GAO report highlights fraud risk around enhanced ACA subsidies

As the debate on the Hill over the fate of the Affordable Care Act's premium tax credits rages on, a new report highlights the potential fraud risk tied to the subsidies.

The Government Accountability Office (GAO) released a report this week where its researchers attempted to sign up for the subsidies using fictitious profiles in plan years 2024 and 2025. Most of these fake applications were approved by the government, according to the report.

In 2024, the GAO submitted four applications for subsidized coverage, all of which were approved. The Centers for Medicare & Medicaid Services (CMS) paid out approximately $2,350 per month in enhanced premium tax credits for November and December.

In some cases, the analysts were asked to provide Social Security numbers, income and citizenship status to support their applications. And, though they did not do so, the applications were still approved, according to the report.

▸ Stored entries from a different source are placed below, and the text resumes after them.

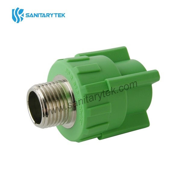 PPR Male adaptor is used for a straight transition from polypropylene pipe installation to an female thread metal fitting or valve.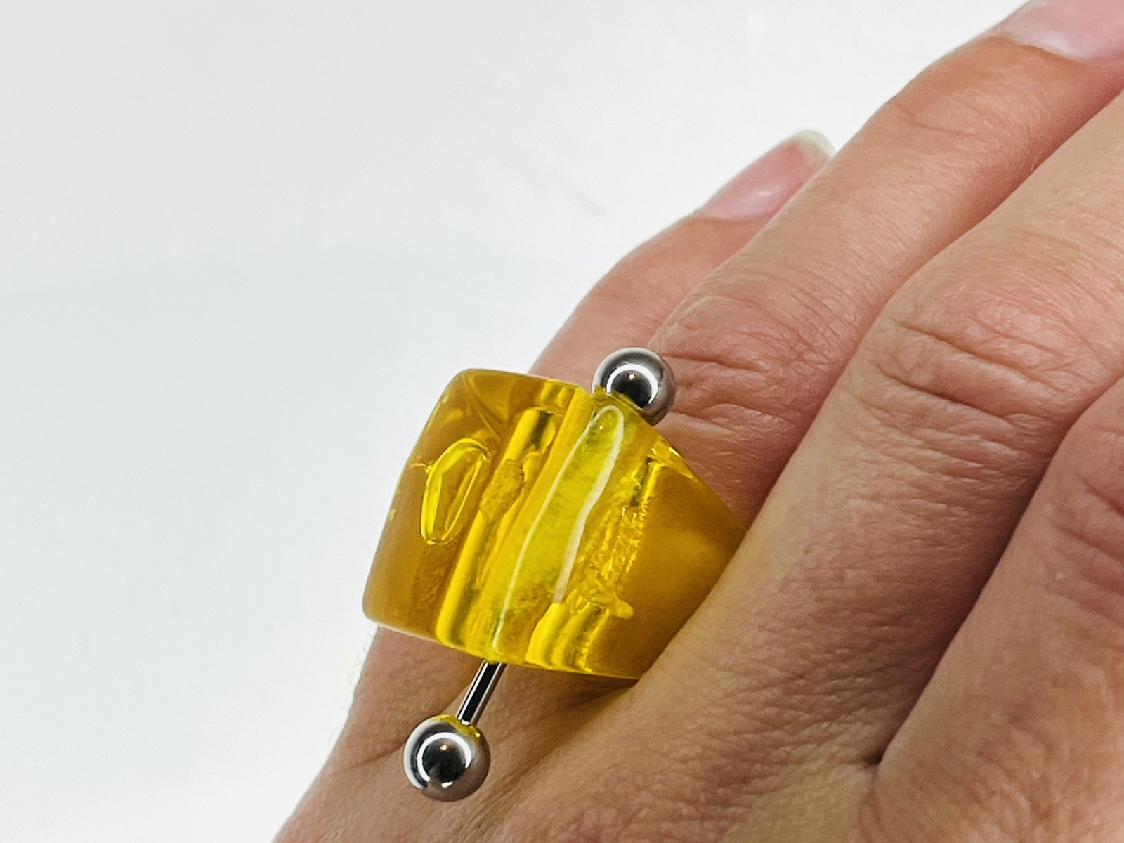 Bague en acrylique jaune transparente avec effet du bulle à l’intérieur, percé par un piercing en acier inoxydable qui bouge et fait du bruit avec le mouvement de la main ( pour les TDAH lol ) <3333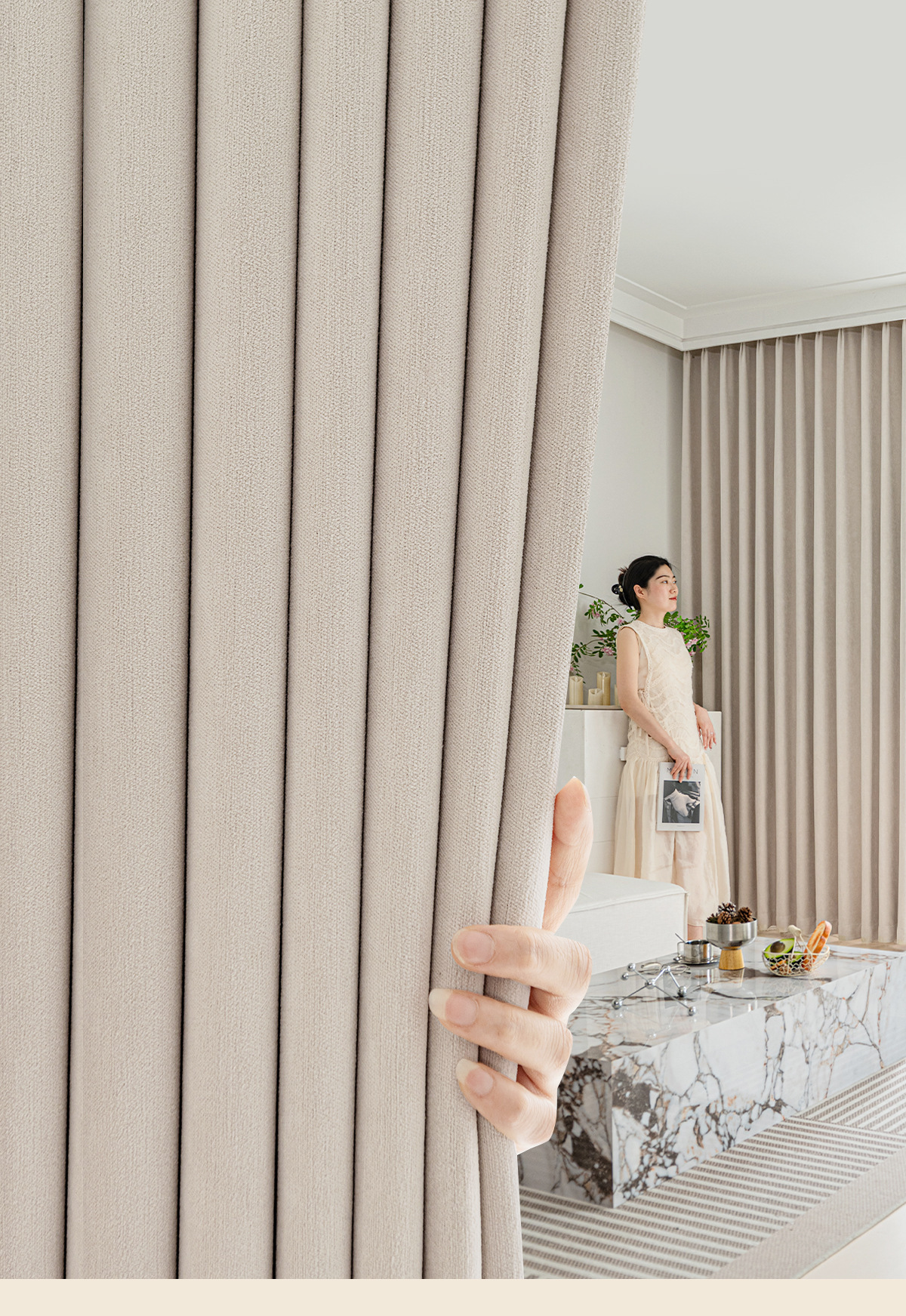새로운 캐시미어 양면 셔닐 커튼, 현대적이고 단순한 크림 스타일, 거실, 침실, 발코니, 강력한 차광 및 고급 감각스토어 가기

For 2025, the GAO submitted 20 applications, including the resubmission of the four identities used in 2024. Eighteen of those profiles were covered as of September 2025, according to the report, with tax credit payouts totaling $10,000 per month.

The GAO said the submissions included applications sent directly through HealthCare.gov and applications submitted with the assistance of a broker or agent. The organization acted as any consumer would during the process, including shifting digital applications to phone interactions when prompted, according to the report.

The agency said it has previously warned that there is a notable fraud risk related to the advanced tax credits, and also notes that there have been thousands of complaints submitted to the CMS from individuals who found they were enrolled in a plan or had their coverage changed without their consent.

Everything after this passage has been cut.